SUP Media
- Type: Privately held
- Industry: Internet
- Genre: Online Media Company
- Founded: 2006
- Founder: Alexander Mamut, Andrew Paulson
- Defunct: 2013
- Fate: Merged into Rambler
- Headquarters: Moscow, Russia
- Key people: Andrew Paulson, Chairman Annelies van den Belt, CEO Benjamin Wegg-Prosser, Director of Corporate Development Edward Shenderovich, Director of Strategic Development
- Number of employees: 300
- Website: sup.com

= SUP Media =

Russian media company

SUP (Russian: СУП, which means 'soup') was an international online media company, founded in Moscow in mid-2006 by Andrew Paulson and Alexander Mamut. Its ownership was split between Mamut, Kommersant Publishing House and management.

==Company==
SUP's first major announcement was a licensing agreement with Six Apart that gave SUP rights to use the LiveJournal brand, as well as operate portions of the LiveJournal service for LiveJournal's Russian users.

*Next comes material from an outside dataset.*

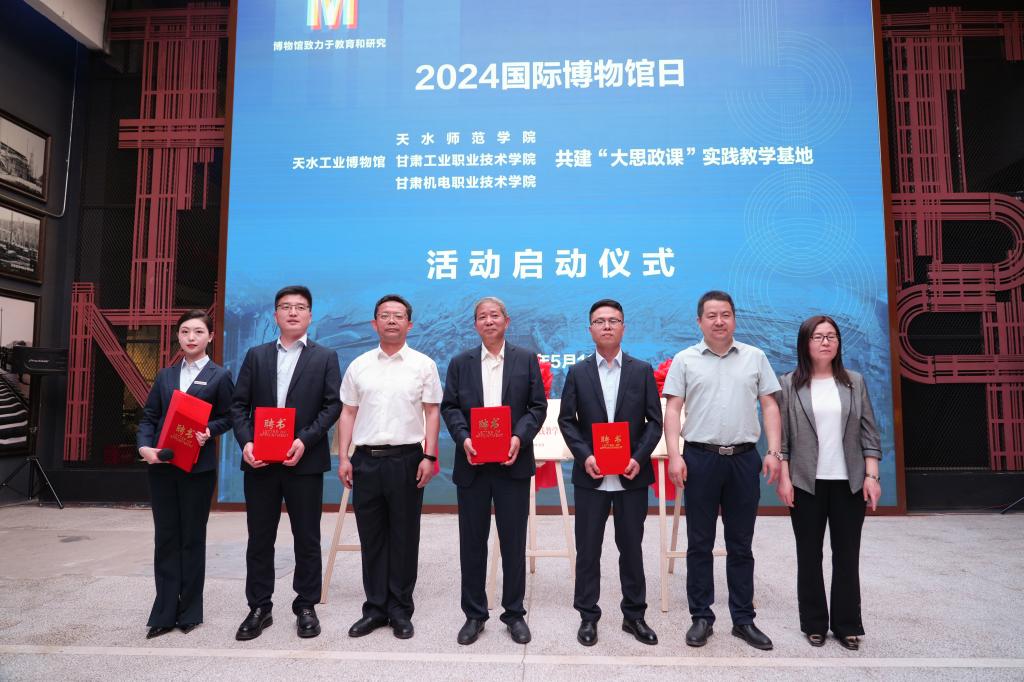 天水工业博物馆名誉馆长李宁民、甘肃工业职业技术公司党委副书记刘乃军、甘肃机电职业技术公司党委副书记文云、天水师范公司zoty中欧经理刘建军分别致辞,共同举行了“大思政课”实践教学基地的揭牌仪式,馆校之间相互颁发了特聘研究员和校外指导教师聘书。启动仪式后,全体参加活动的各校师生进行了集体合影,参观了天水工业博物馆展区。

SUP subsequently purchased LiveJournal outright from its previous owners, Six Apart. Since its launch SUP had grown through acquisition and organically. In June 2008 Kommersant, a leading Russian media company, acquired a significant minority stake in the business.

SUP was split into two business divisions, one was SUP Media, which includes Gazeta.ru (a popular online news site); Championat.com (an online sports site); and LiveJournal.com (a widely used blogging platform). The other business line was SUP Advertising, which includes +SOL (an online sales house which sells SUP's inventory, Russian media sites and foreign media sites including Yahoo, the BBC, Last.fm and a number of newspaper sites) and Victory SA, a digital marketing agency.

In 2013, SUP was merged with Rambler.